# What makes you standout?



## volton123 (Feb 23, 2009)

Hi everyone, 
Ive put a thread on here before an everyone was extremely helpful in explaining the ropes, Im really just making plans at the moment and i'm not in any rush but I do want to be living an working in America in around 5 years time. Im finishing my economics degree, of which i spent one year in America, and im intending to do a masters in a America. But it seems the most popular way of migrating to America, is to be sponsored by a company, and they have to prove they can not find any American to do that, is this going to be likely? Or is it easier to gain a job at a company here in the UK, and in time hopefully transfer, but is this likely too? I just dont see these ways as reliable approaches on going to America. Can any one help, is there any other way? Or wat makes someone standout from all other candidates for an American job? Anyone had any experiance. 
Thank you, I appreciate your comments


----------



## Skippy13 (Oct 1, 2008)

volton123 said:


> Hi everyone,
> Ive put a thread on here before an everyone was extremely helpful in explaining the ropes, Im really just making plans at the moment and i'm not in any rush but I do want to be living an working in America in around 5 years time. Im finishing my economics degree, of which i spent one year in America, and im intending to do a masters in a America. But it seems the most popular way of migrating to America, is to be sponsored by a company, and they have to prove they can not find any American to do that, is this going to be likely? Or is it easier to gain a job at a company here in the UK, and in time hopefully transfer, but is this likely too? I just dont see these ways as reliable approaches on going to America. Can any one help, is there any other way? Or wat makes someone standout from all other candidates for an American job? Anyone had any experiance.
> Thank you, I appreciate your comments


This is like asking how long is a piece of string. 
1) For your masters, do you have 50K+?
2) Some companies send execs to the USA, why not join a company, get some skills and try it that way
3)You cant just ask, is this a good way. The US is VERY hard to get into. Doing a Masters when you have few solid skills probably isnt a great way to stay. Add into the equation that its going to cost you A LOT of money


----------



## volton123 (Feb 23, 2009)

1) I understand that it was a very vague question, i was just seeing if anybody had any experience, moving to america by either of these ways. 
2) I appreciate your comment, an i agree with you that it will cost a lot, but above £50,000, is a bit of an over exaggeration, no university would ever be able to take on any international students if that was the cost to the student. 
3) I wanted to see whether me spending on third of my degree and all of masters will aid me in any way, to gaining employment status in america.
Thank you


----------



## Skippy13 (Oct 1, 2008)

I suggest you check out the price of masters programs in the USA. Bear in mind that the student must be able to show that they have enough money in their bank account to cover living expenses and tuition for the duration of the program. They have to show this before a visa can be issued. 

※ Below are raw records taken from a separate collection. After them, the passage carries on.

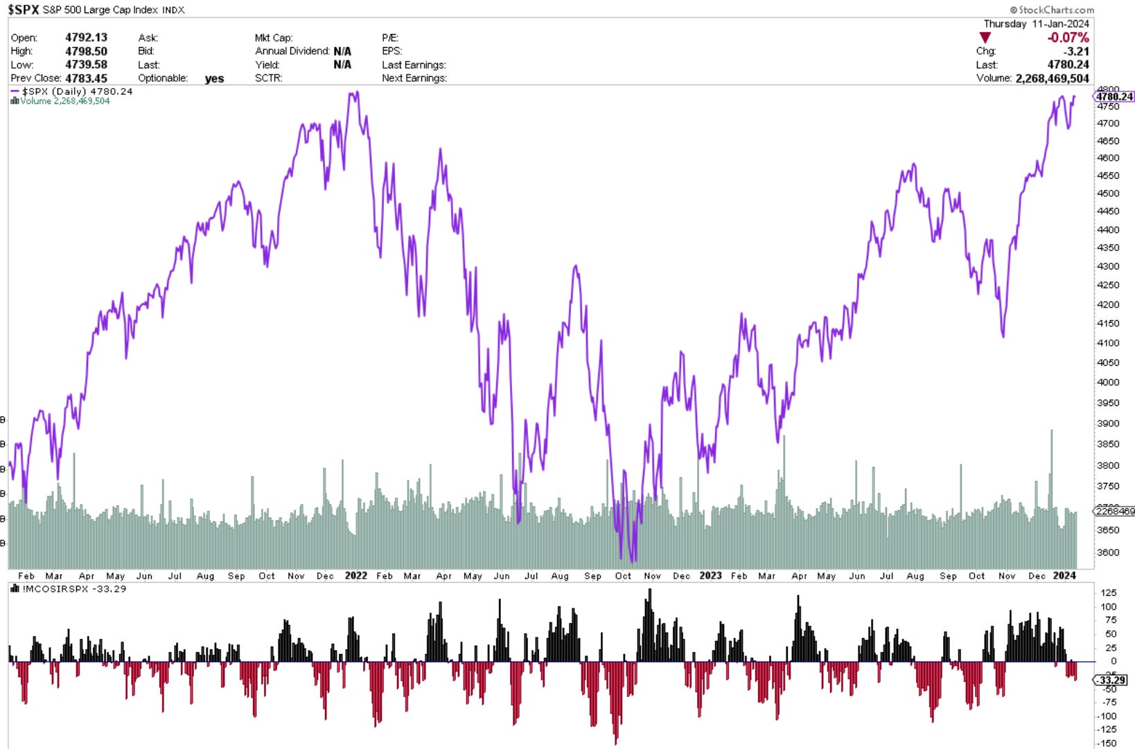 (Developed by Sherman and Marian McClellan, the McClellan Oscillator is a breadth indicator derived from Net Advances, which is the number of advancing issues less the number of declining issues. Subtracting the 39-day exponential moving average of Net Advances from the 19-day exponential moving average of Net Advances forms the oscillator.) You can see how negative we are with prices trying to make new highs.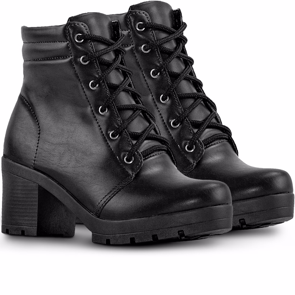 Coturno Feminino com cano curto e salto grosso, confeccionada em sintético ou verniz, super confortável e com um design moderno e estiloso.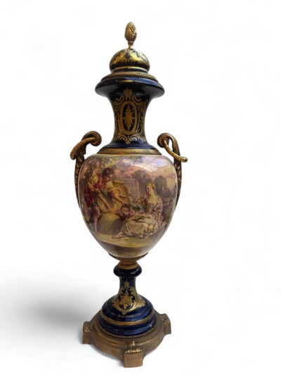Elegant & Stately Pair of 19th Century French Sèvres Royal Blue Porcelain & Bronze Covered Urns – Hand Painted Romantic Vignettes – Circa 1860

It is very very expensive and I wouldnt recommend it to be honest.The majority of international students are from rich families in Asia. There isnt typically a large european presence


----------



## frenchie (Dec 12, 2008)

People are not exaggerating about the cost of schooling for an international student.

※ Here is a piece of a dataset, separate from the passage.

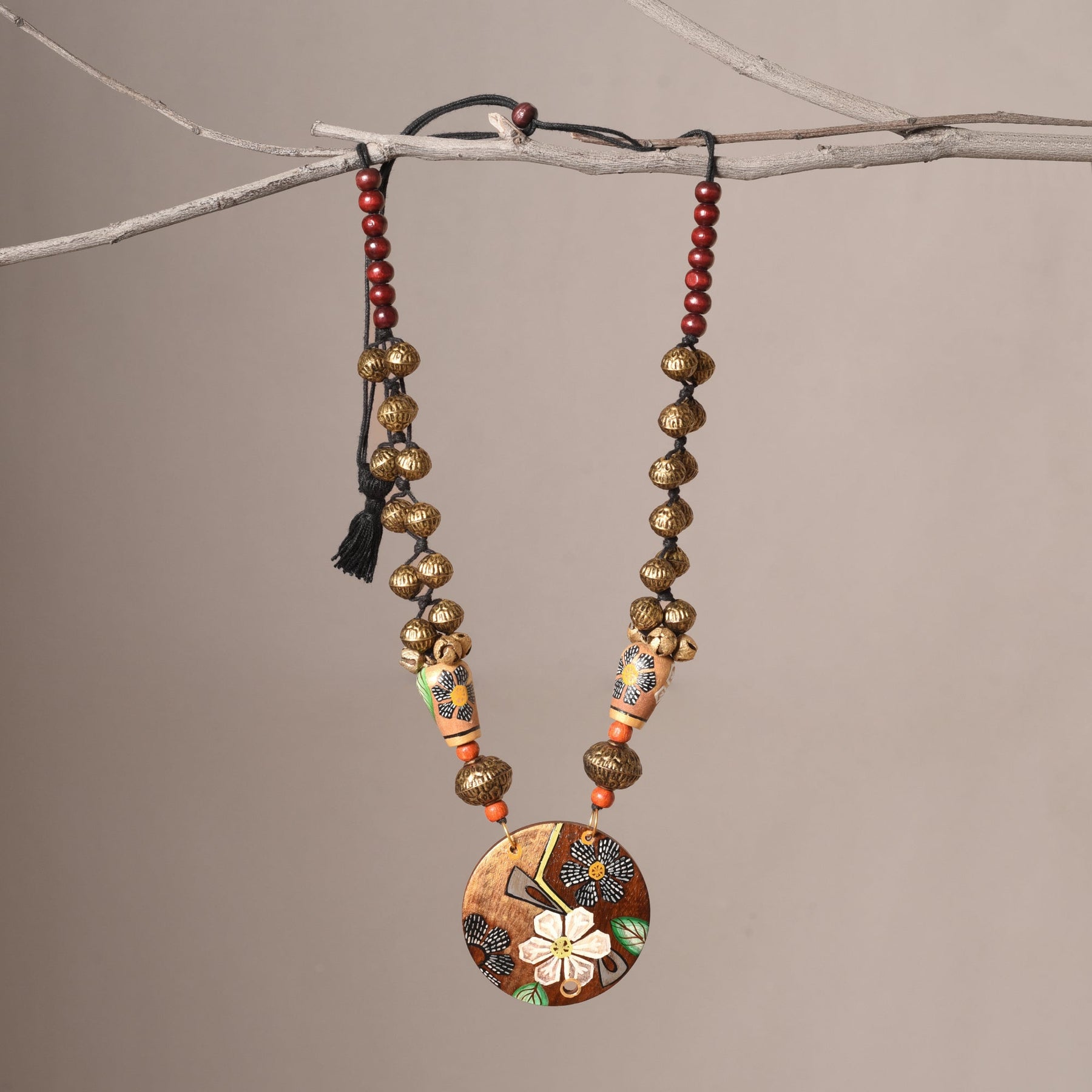 Embrace elegance with our Monochrome Blossom Ghungroo Necklace, featuring hand-painted white and black flowers beaded with hand-painted wooden and brass beads. Adorned with ghungroos, it exudes artisanal charm and sophistication.

Take UW for example:  Graduate Admission Information
Tuition alone is $30k.

I came here as an F-1 student and I shudder to think how much money my parents took out of their retirements for me to study here. Try the H-1B route, if you can.

Good luck...


----------



## Skippy13 (Oct 1, 2008)

Add to that books, health insurance, flights, transportation and accomodation....

The cost is extreme.


----------



## Bevdeforges (Nov 16, 2007)

One big advantage of going to the US on a company backed transfer is that many companies in the US will pay for you to go to school and get a masters degree - though usually this is on your own time, over and above your duties at work. It's not an "easy" way to get your degree, but it is well regarded in the job market when you look to cash in on that degree by finding a new job. 
Cheers,
Bev


----------



## bizzymum (May 18, 2009)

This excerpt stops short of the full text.